The prosecution opposes the sentence because it would not punish Chauvin for depriving the 14-year-old of his civil rights. The 14-year-old, whose name is John Christopher Pope, Jr., is suing Chauvin and six other officers in federal court for depriving his civil rights.
Chauvin was convicted of state murder and manslaughter charges for Floyd’s murder in April 2021 and is currently serving a 22-and-a-half-year sentence at Minnesota Correctional Facility-Oak Park Heights. He would serve the federal sentence concurrently with his state sentence, most likely in federal prison.
Judge Magnuson has not yet decided when co-defendants J. Alexander Kueng, Thomas Lane, and Tou Thao would be sentenced. Each was found guilty of depriving Floyd’s civil rights in February, with Kueng and Thao also convicted for failing to stop Chauvin.

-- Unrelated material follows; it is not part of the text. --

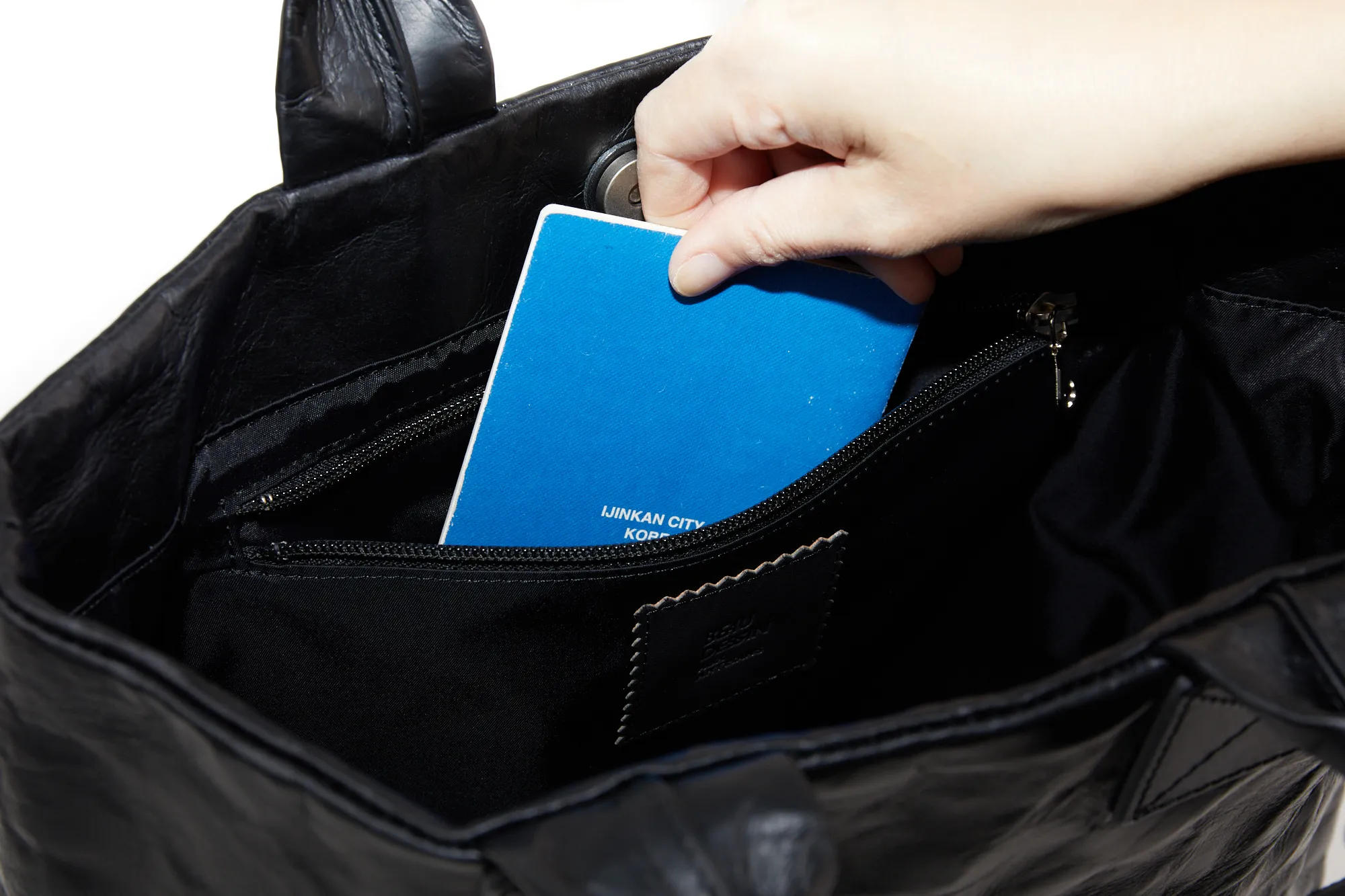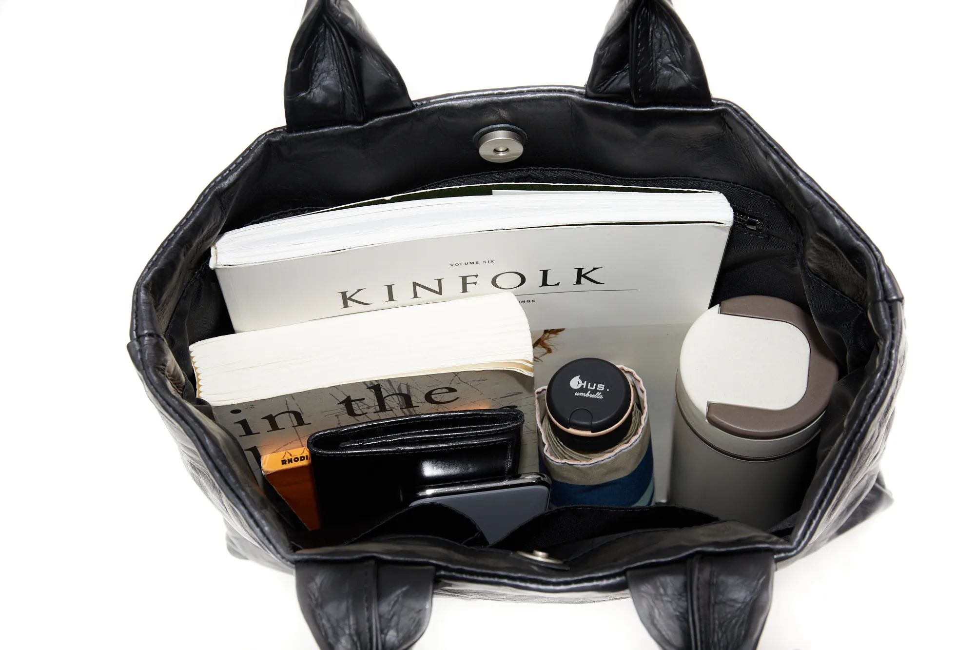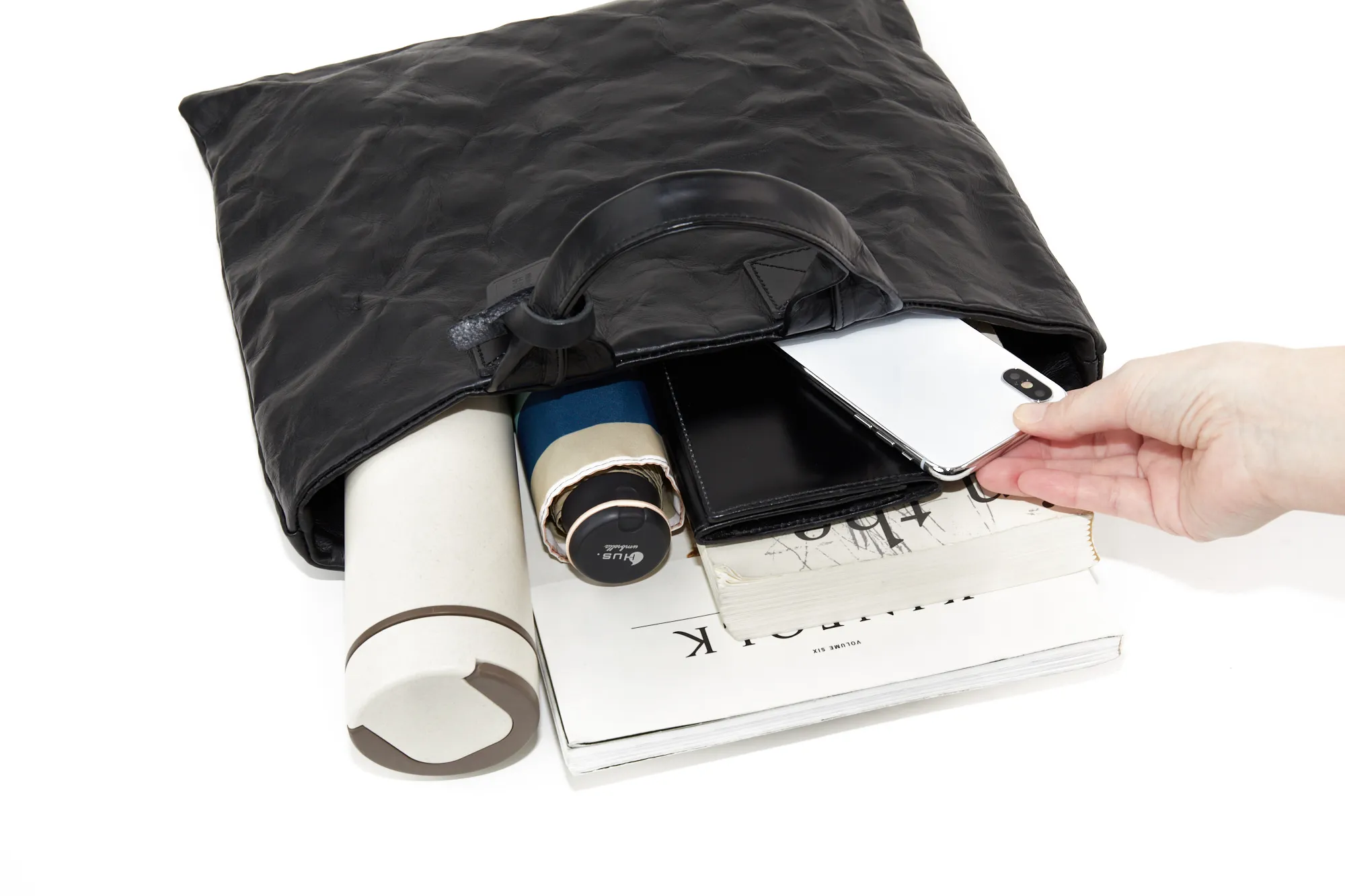 ロングセラーであるアルミ・ボンディング シリーズの人気の形を、革を使いよりシックに、そして大人な雰囲気にリニューアルしたバッグです。 ボンディング加工されたレザーはどこかユニークで軽快な表情をもたらし、本革ながらも重くならず全身のコーディネートもし易いです。 一点一点異なる、波打つような独特な革の皺感をお楽しみください。 マットブラックの革にシワ加工された佇まいは、大人カジュアルな雰囲気と好相性。しっかりとした作りでありながら、抜け感がありつつ、普段使いにお勧め。A4サイズに対応した大きさですが、マチなしタイプですのでスマートにお持ちいただけます。

The prosecution recommends Lane be sentenced anywhere from five and a quarter years to six and a half years and both Kueng and Thao be sentenced to more than that, no more than what Chauvin is to be sentenced to for Kueng, and no more than 25 years for Thao.
In state court, Lane pled guilty as part of a plea deal and will be sentenced on September 9. Kueng and Thao await trial, which starts with jury selection on October 24 at 9 am. The trial was originally delayed to 2023 to allow for publicity to die down but was rescheduled because Kueng’s counsel has a scheduling conflict.